For a stable, shared profile across runs (persistent login state, preserved history), omit isolated and use profileName / userDataDir instead.

SSRF policy (navigating agent-supplied URLs)

By default, browserclaw permits navigation to any address — including private/loopback ranges such as 127.0.0.1, 10.0.0.0/8, and cloud metadata endpoints like 169.254.169.254. This "trusted-network" default is convenient for local development and dev-tunnel workflows.

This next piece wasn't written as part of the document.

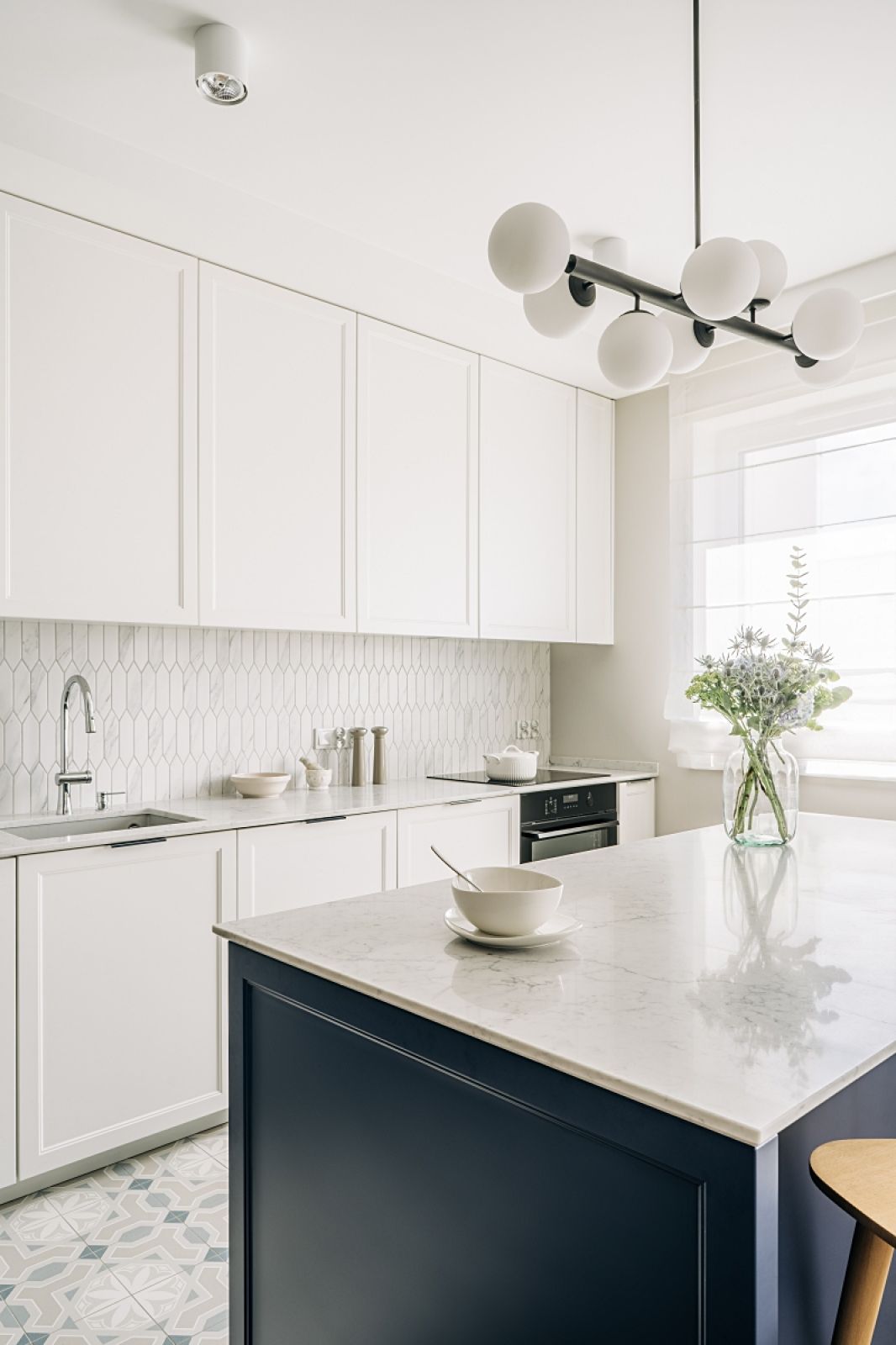 To oczekiwanie inwestorki udało się zrealizować w stu procentach. W całym apartamencie przeplatają się klasyczne detale i nowoczesne akcenty – frezowania frontów i drzwi zestawione zostały z lekkimi, geometrycznymi liniami mebli. Subtelny detal, jak zafrezowanie blatu wyspy kuchennej, wprowadza unikatowość i rytm w przestrzeni dziennej. Wzorzyste płyty na podłodze w kuchni ładnie korespondują z dębowymi deskami w salonie, a eleganckiego sznytu dodaje mozaika ułożona między szafkami z sześciokątnych cegiełek imitujących marmur. Ciemny granat wyspy kontrastuje z bielą szafek, a całość ociepla kaszmirowa zabudowa meblowa z wolno stojącą nowoczesną lodówką.

If your agent navigates to URLs it received from an untrusted source (LLM output, user input, external API), you should opt into strict public-only enforcement:

const browser = await BrowserClaw.launch({
  ssrfPolicy: {
    dangerouslyAllowPrivateNetwork: false, // block loopback, RFC1918, link-local, metadata endpoints
    hostnameAllowlist: ['*.example.com'], // optional allowlist
    allowedHostnames: ['internal.myapp.com'], // optional private-IP exceptions
  },
});

Under strict mode browserclaw resolves DNS up front, pins the result, validates every resolved address against the policy, and re-checks redirect chains. The DNS cache is keyed by policy, so a permissive call does not leak cached private IPs to a later strict call.

Pages & Tabs

const page = await browser.open('https://demo.playwright.dev/todomvc');
const current = await browser.currentPage(); // get first usable (non-blank) tab
const tabs = await browser.tabs(); // list all tabs
const handle = browser.page(tabs[0].targetId); // wrap existing tab
const appPage = await browser.waitForTab({ urlContains: 'app-web' });
await browser.focus(tabId); // bring tab to front
await browser.close(tabId); // close a tab
await browser.stop(); // stop browser + cleanup

page.id; // CDP target ID (use with focus/close/page)
await page.url(); // current page URL
await page.title(); // current page title
browser.url; // CDP endpoint URL

Recovering tab handles

Tab handles can get out of sync if the app rewrites its URL aggressively or replaces the top-level target. Use the recovery primitives to re-bind a CrawlPage without having to restart the session:

// Attempts to refresh the cached targetId, optionally falling back to the
// best-effort resolver if the original target is gone.
await page.refreshTargetId();
await page.refreshTargetId({ fallback: 'active' });

// Rebind the handle using the best-effort resolver: prefers the old
// targetId, then the old URL, then a non-blank tab, then any tab.
await page.reacquire();

Contract — heuristic by design: These resolvers do not query Chrome's focused tab; CDP doesn't expose that cleanly over connect-over-CDP. They apply a fixed preference order — old targetId → old URL → first non-blank accessible tab → any accessible tab — and that order is the contract. Use them for recovery after a target has been lost; don't use them to "ask which tab the human is looking at." When you need deterministic tab selection, capture the targetId up front via browser.open() / browser.waitForTab() / browser.tabs() and keep using that handle.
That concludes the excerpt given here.